**Dataset entries:**
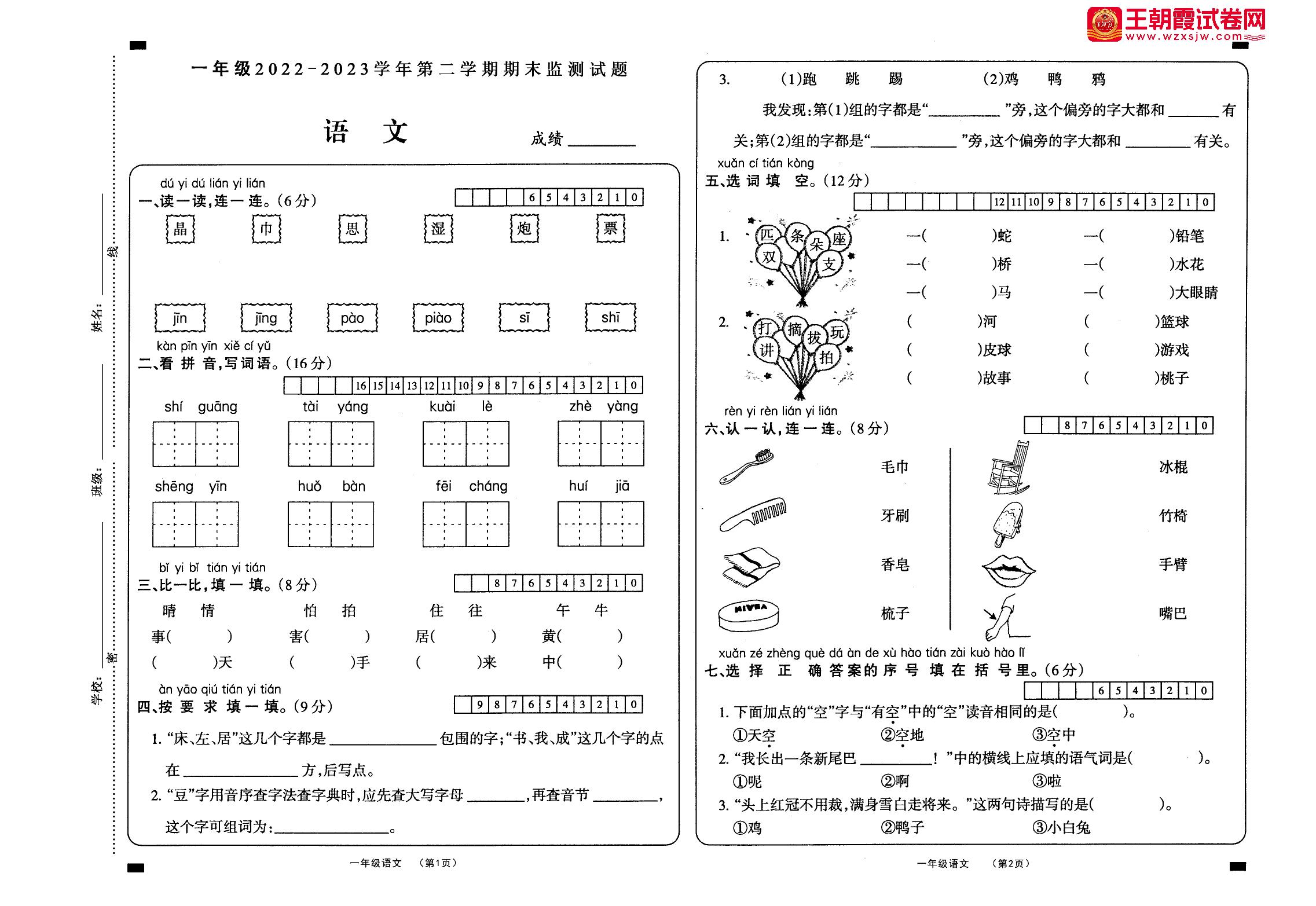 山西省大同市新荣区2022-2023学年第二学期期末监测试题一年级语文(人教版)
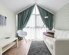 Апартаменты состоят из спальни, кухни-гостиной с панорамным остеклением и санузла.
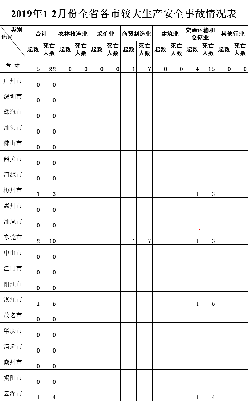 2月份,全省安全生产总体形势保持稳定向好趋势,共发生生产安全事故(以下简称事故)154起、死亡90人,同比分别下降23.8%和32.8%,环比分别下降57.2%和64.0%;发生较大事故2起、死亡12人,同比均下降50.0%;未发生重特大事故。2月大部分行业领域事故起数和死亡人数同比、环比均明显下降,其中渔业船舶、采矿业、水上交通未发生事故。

==

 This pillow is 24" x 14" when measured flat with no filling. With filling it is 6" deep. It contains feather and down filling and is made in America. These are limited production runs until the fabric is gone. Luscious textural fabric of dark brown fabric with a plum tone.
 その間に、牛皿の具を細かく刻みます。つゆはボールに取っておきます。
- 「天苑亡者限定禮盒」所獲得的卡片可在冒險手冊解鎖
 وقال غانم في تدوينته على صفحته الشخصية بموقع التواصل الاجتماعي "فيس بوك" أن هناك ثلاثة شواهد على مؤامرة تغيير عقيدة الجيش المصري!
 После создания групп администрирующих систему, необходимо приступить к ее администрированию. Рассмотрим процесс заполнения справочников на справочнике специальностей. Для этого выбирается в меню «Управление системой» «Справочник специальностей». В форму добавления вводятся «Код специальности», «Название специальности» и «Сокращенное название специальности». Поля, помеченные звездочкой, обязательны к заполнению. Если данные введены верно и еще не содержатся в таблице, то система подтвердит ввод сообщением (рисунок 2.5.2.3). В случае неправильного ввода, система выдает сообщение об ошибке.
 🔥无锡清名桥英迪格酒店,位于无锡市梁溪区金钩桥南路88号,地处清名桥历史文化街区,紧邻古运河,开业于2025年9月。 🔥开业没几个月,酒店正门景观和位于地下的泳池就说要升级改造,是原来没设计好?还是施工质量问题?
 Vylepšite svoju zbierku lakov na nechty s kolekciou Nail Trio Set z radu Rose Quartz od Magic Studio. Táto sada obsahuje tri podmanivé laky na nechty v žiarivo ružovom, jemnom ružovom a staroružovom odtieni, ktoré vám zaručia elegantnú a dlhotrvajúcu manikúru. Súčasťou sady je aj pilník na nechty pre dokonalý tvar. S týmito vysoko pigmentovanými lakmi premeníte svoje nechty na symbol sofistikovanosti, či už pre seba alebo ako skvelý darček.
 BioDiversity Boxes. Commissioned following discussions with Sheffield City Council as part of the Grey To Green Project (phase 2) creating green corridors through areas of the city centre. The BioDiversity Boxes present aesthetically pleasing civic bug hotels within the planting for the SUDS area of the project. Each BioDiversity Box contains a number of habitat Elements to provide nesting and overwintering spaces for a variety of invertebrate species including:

...

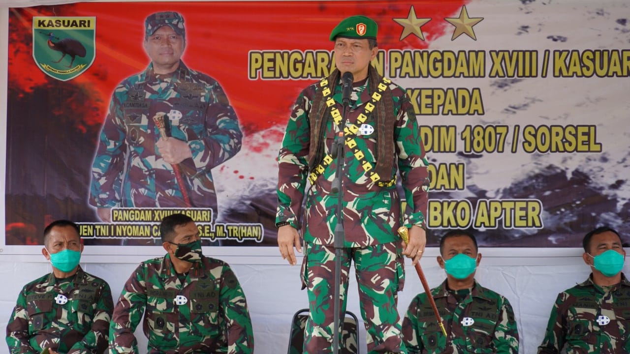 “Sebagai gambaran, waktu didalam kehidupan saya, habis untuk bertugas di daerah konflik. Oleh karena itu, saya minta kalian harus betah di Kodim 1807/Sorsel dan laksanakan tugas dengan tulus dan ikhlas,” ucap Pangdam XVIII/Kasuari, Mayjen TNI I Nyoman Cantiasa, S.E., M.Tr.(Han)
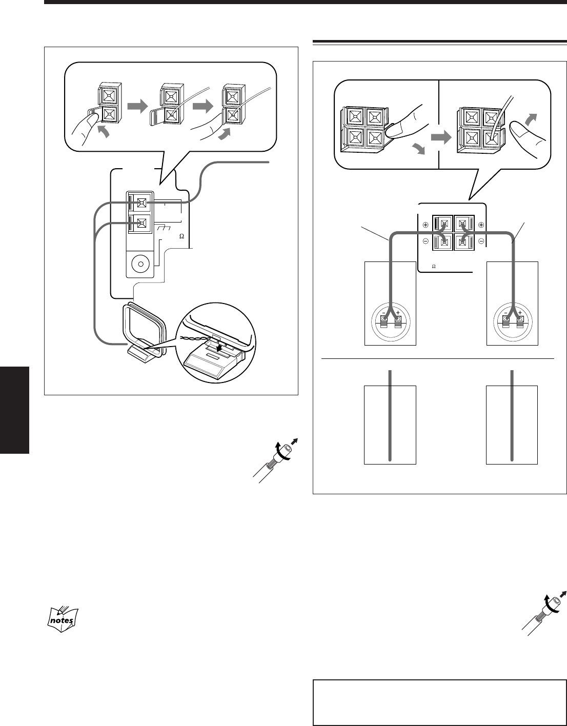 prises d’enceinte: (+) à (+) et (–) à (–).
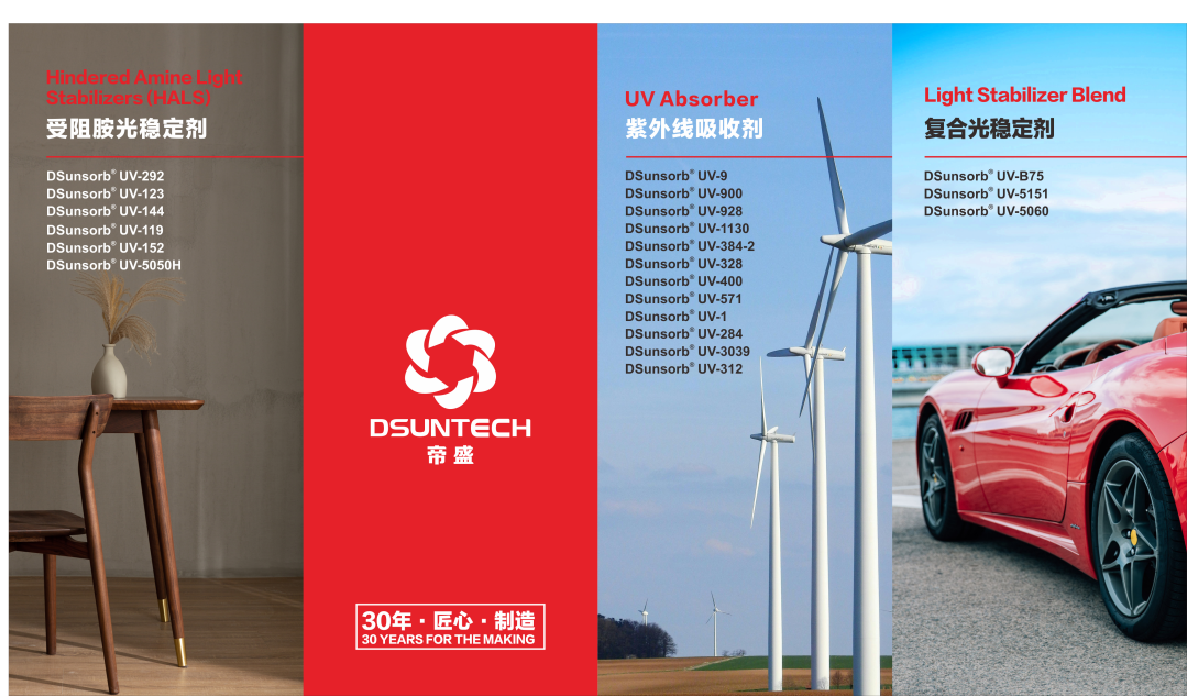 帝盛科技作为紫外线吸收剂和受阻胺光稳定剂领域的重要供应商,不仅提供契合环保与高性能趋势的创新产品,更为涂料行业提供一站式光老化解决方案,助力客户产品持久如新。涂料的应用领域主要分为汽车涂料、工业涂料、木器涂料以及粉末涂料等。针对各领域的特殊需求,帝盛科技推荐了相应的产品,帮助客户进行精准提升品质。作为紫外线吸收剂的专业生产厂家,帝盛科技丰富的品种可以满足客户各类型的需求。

**What you should do:** Take the entries above and copy exactly the lines starting at the one with "山西省大同市新荣区2022-2023学年" and ending at the one with "2月份,全省安全生产总体形势"; nothing outside that span, and no pictures.

**Solution to this problem:**
 山西省大同市新荣区2022-2023学年第二学期期末监测试题一年级语文(人教版)
 Апартаменты состоят из спальни, кухни-гостиной с панорамным остеклением и санузла.
 2月份,全省安全生产总体形势保持稳定向好趋势,共发生生产安全事故(以下简称事故)154起、死亡90人,同比分别下降23.8%和32.8%,环比分别下降57.2%和64.0%;发生较大事故2起、死亡12人,同比均下降50.0%;未发生重特大事故。2月大部分行业领域事故起数和死亡人数同比、环比均明显下降,其中渔业船舶、采矿业、水上交通未发生事故。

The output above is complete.